Content starts

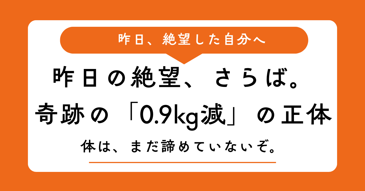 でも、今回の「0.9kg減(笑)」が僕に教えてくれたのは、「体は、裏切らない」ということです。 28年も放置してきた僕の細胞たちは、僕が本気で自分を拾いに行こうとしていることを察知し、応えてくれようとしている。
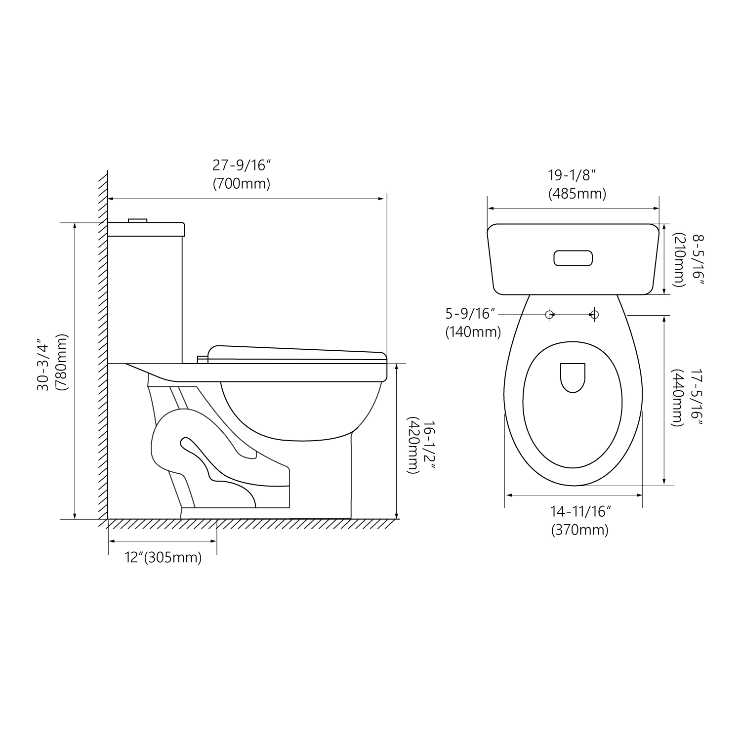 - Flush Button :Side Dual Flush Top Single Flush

Content ends
Content starts

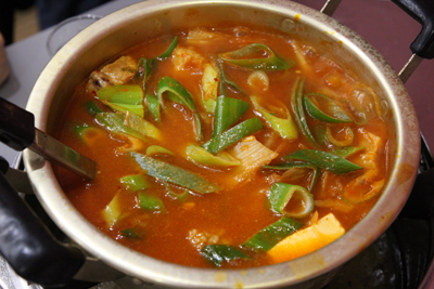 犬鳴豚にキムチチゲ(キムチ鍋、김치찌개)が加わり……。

Content ends
Content starts

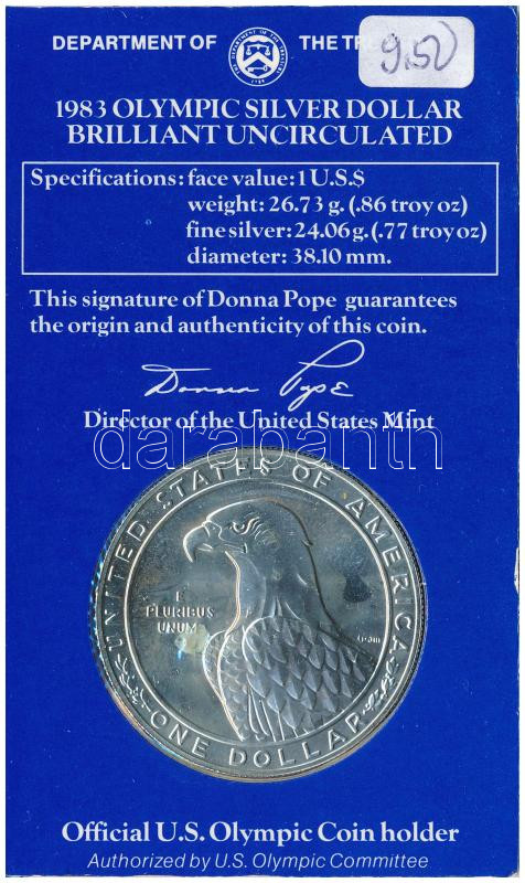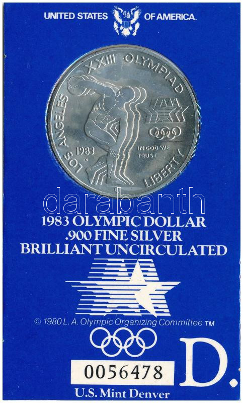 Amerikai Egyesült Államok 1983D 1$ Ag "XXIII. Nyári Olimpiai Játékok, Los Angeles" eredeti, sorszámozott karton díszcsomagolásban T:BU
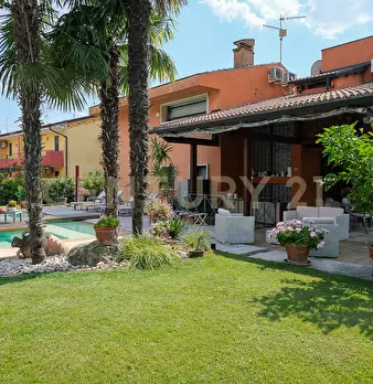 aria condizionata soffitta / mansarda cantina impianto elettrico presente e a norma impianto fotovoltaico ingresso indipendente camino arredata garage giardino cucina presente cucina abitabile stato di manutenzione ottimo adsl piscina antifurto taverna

Content ends

» **EXERCISE INSTRUCTIONS**
Pictures aside, return exactly the lines from the data above, starting at the line that has "Amerikai Egyesült Államok" and ending at the line that has "aria condizionata soffitta", both included.

» **OUTPUT OF THE EXERCISE**
 Amerikai Egyesült Államok 1983D 1$ Ag "XXIII. Nyári Olimpiai Játékok, Los Angeles" eredeti, sorszámozott karton díszcsomagolásban T:BU
 aria condizionata soffitta / mansarda cantina impianto elettrico presente e a norma impianto fotovoltaico ingresso indipendente camino arredata garage giardino cucina presente cucina abitabile stato di manutenzione ottimo adsl piscina antifurto taverna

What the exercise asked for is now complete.